Try it: With images excluded, write out each entry below exactly as given.

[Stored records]
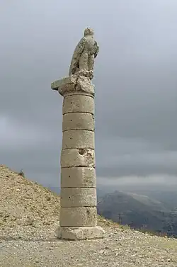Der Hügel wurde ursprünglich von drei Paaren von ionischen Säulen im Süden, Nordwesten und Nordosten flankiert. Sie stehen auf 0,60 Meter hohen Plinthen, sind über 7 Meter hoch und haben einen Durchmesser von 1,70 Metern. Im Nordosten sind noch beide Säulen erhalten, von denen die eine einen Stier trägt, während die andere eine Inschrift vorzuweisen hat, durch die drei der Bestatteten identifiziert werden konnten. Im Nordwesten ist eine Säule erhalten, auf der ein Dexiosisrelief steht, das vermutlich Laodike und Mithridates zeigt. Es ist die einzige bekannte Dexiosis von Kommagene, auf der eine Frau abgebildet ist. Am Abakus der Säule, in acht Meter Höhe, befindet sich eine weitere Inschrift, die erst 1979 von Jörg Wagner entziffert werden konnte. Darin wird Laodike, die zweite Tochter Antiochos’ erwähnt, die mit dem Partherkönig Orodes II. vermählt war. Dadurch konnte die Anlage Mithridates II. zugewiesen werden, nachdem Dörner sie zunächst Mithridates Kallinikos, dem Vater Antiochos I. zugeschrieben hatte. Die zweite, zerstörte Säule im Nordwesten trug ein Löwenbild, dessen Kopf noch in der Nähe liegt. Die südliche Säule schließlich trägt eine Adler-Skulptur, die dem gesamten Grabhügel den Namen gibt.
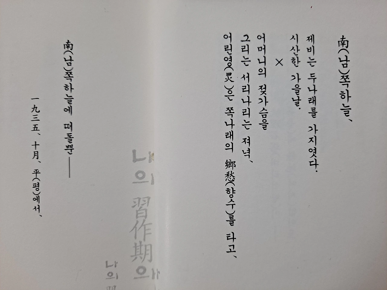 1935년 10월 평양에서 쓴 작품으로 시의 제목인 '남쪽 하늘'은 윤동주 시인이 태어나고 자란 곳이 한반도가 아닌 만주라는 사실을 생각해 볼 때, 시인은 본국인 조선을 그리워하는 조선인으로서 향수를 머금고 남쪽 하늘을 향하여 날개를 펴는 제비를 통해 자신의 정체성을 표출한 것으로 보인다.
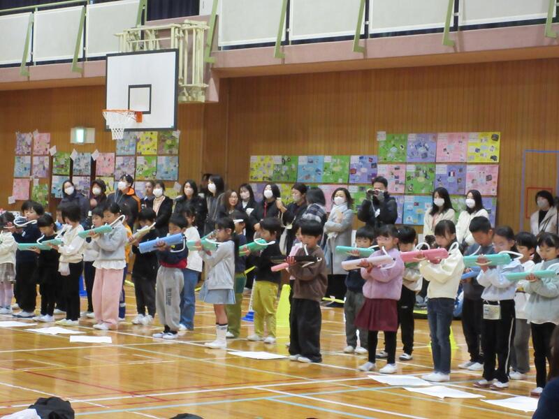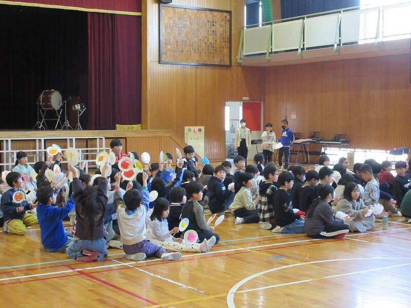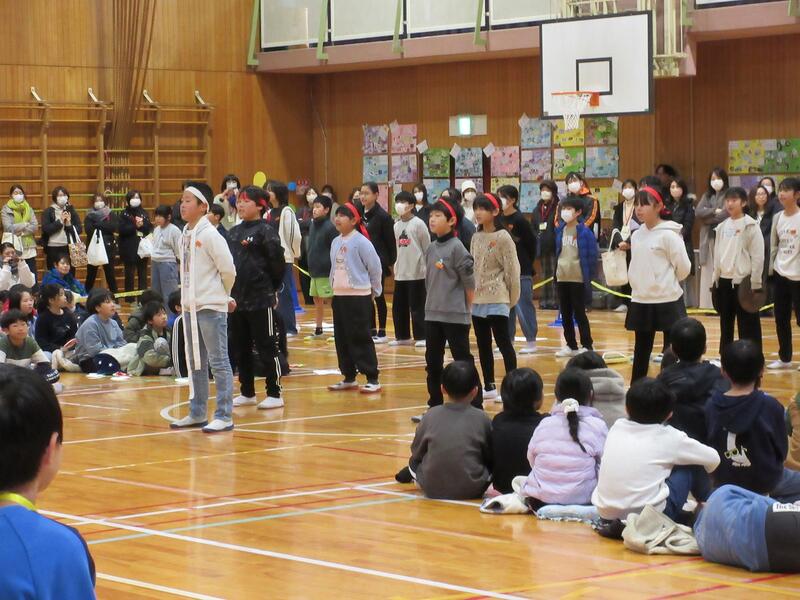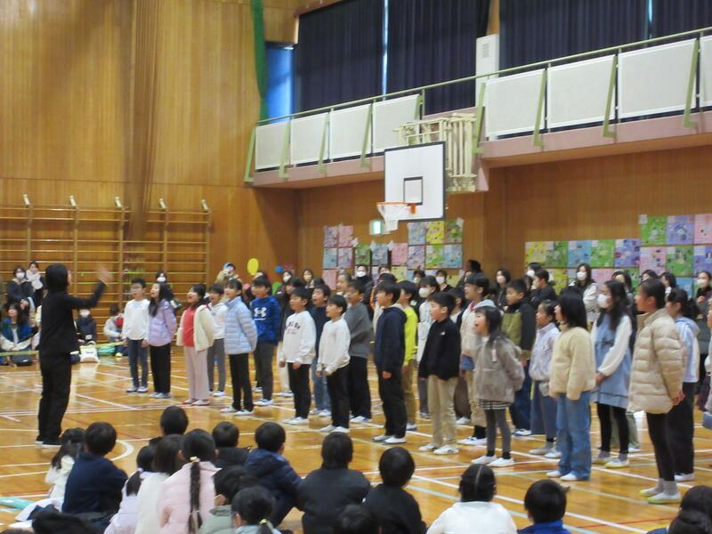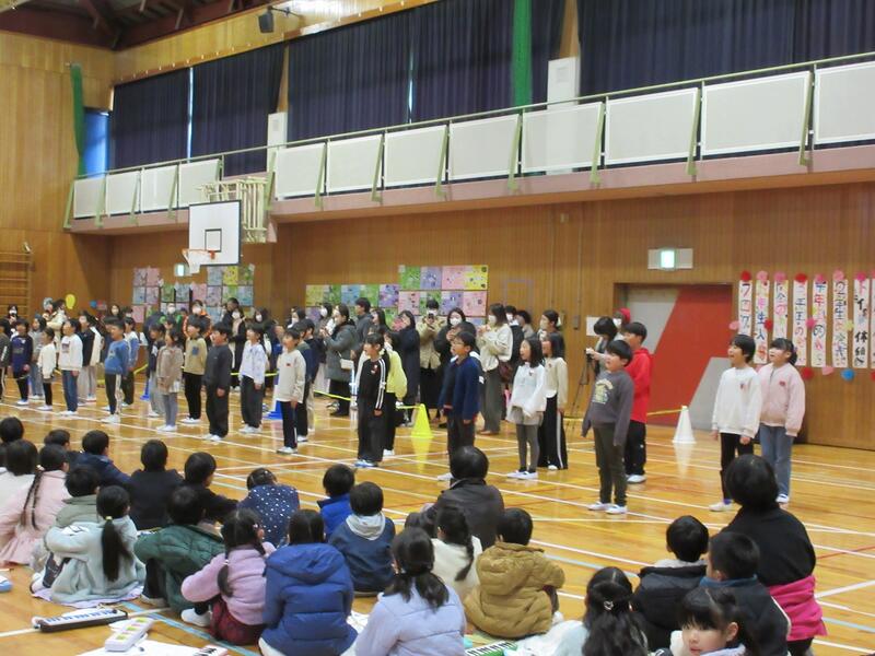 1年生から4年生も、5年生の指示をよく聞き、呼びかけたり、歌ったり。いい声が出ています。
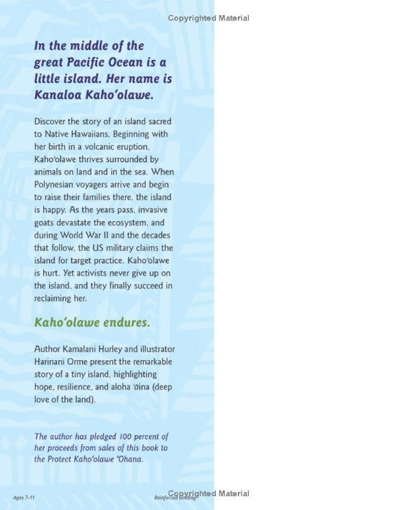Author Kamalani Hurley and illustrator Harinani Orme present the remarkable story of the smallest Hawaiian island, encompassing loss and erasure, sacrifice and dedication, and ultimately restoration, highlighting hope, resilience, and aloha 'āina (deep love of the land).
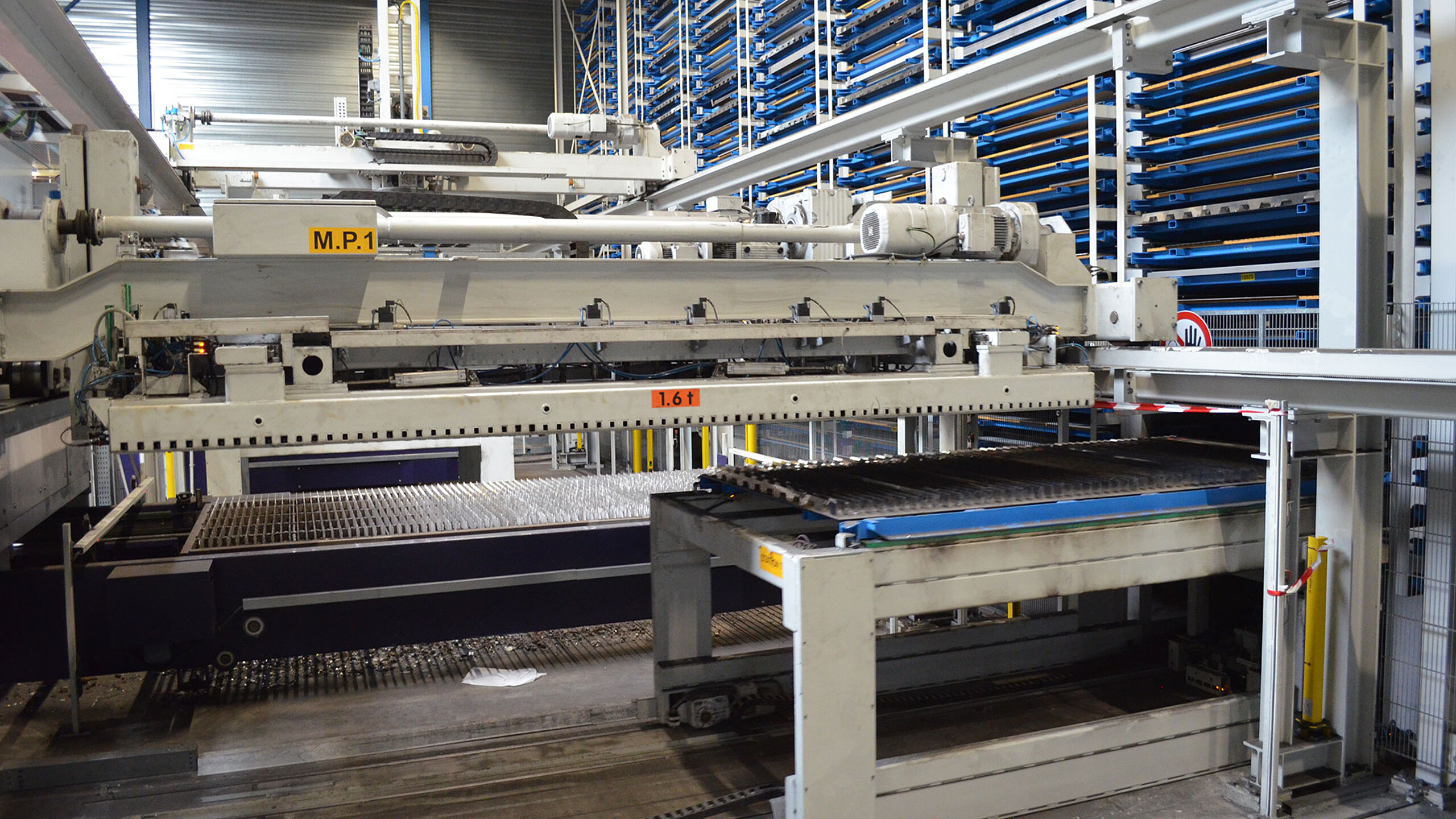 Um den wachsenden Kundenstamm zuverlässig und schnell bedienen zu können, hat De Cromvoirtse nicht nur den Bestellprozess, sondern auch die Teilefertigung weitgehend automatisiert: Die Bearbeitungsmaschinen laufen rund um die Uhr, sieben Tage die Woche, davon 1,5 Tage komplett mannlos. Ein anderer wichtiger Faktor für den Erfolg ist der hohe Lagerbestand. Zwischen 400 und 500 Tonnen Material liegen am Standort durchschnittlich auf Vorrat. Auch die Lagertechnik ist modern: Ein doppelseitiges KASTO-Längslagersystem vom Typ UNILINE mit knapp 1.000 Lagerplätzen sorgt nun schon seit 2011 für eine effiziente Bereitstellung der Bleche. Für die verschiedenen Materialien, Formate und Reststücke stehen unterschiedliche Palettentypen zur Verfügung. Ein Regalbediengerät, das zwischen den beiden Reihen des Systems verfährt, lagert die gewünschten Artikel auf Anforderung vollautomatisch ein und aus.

Finished exercise:
Der Hügel wurde ursprünglich von drei Paaren von ionischen Säulen im Süden, Nordwesten und Nordosten flankiert. Sie stehen auf 0,60 Meter hohen Plinthen, sind über 7 Meter hoch und haben einen Durchmesser von 1,70 Metern. Im Nordosten sind noch beide Säulen erhalten, von denen die eine einen Stier trägt, während die andere eine Inschrift vorzuweisen hat, durch die drei der Bestatteten identifiziert werden konnten. Im Nordwesten ist eine Säule erhalten, auf der ein Dexiosisrelief steht, das vermutlich Laodike und Mithridates zeigt. Es ist die einzige bekannte Dexiosis von Kommagene, auf der eine Frau abgebildet ist. Am Abakus der Säule, in acht Meter Höhe, befindet sich eine weitere Inschrift, die erst 1979 von Jörg Wagner entziffert werden konnte. Darin wird Laodike, die zweite Tochter Antiochos’ erwähnt, die mit dem Partherkönig Orodes II. vermählt war. Dadurch konnte die Anlage Mithridates II. zugewiesen werden, nachdem Dörner sie zunächst Mithridates Kallinikos, dem Vater Antiochos I. zugeschrieben hatte. Die zweite, zerstörte Säule im Nordwesten trug ein Löwenbild, dessen Kopf noch in der Nähe liegt. Die südliche Säule schließlich trägt eine Adler-Skulptur, die dem gesamten Grabhügel den Namen gibt.
 1935년 10월 평양에서 쓴 작품으로 시의 제목인 '남쪽 하늘'은 윤동주 시인이 태어나고 자란 곳이 한반도가 아닌 만주라는 사실을 생각해 볼 때, 시인은 본국인 조선을 그리워하는 조선인으로서 향수를 머금고 남쪽 하늘을 향하여 날개를 펴는 제비를 통해 자신의 정체성을 표출한 것으로 보인다.
 1年生から4年生も、5年生の指示をよく聞き、呼びかけたり、歌ったり。いい声が出ています。
Author Kamalani Hurley and illustrator Harinani Orme present the remarkable story of the smallest Hawaiian island, encompassing loss and erasure, sacrifice and dedication, and ultimately restoration, highlighting hope, resilience, and aloha 'āina (deep love of the land).
 Um den wachsenden Kundenstamm zuverlässig und schnell bedienen zu können, hat De Cromvoirtse nicht nur den Bestellprozess, sondern auch die Teilefertigung weitgehend automatisiert: Die Bearbeitungsmaschinen laufen rund um die Uhr, sieben Tage die Woche, davon 1,5 Tage komplett mannlos. Ein anderer wichtiger Faktor für den Erfolg ist der hohe Lagerbestand. Zwischen 400 und 500 Tonnen Material liegen am Standort durchschnittlich auf Vorrat. Auch die Lagertechnik ist modern: Ein doppelseitiges KASTO-Längslagersystem vom Typ UNILINE mit knapp 1.000 Lagerplätzen sorgt nun schon seit 2011 für eine effiziente Bereitstellung der Bleche. Für die verschiedenen Materialien, Formate und Reststücke stehen unterschiedliche Palettentypen zur Verfügung. Ein Regalbediengerät, das zwischen den beiden Reihen des Systems verfährt, lagert die gewünschten Artikel auf Anforderung vollautomatisch ein und aus.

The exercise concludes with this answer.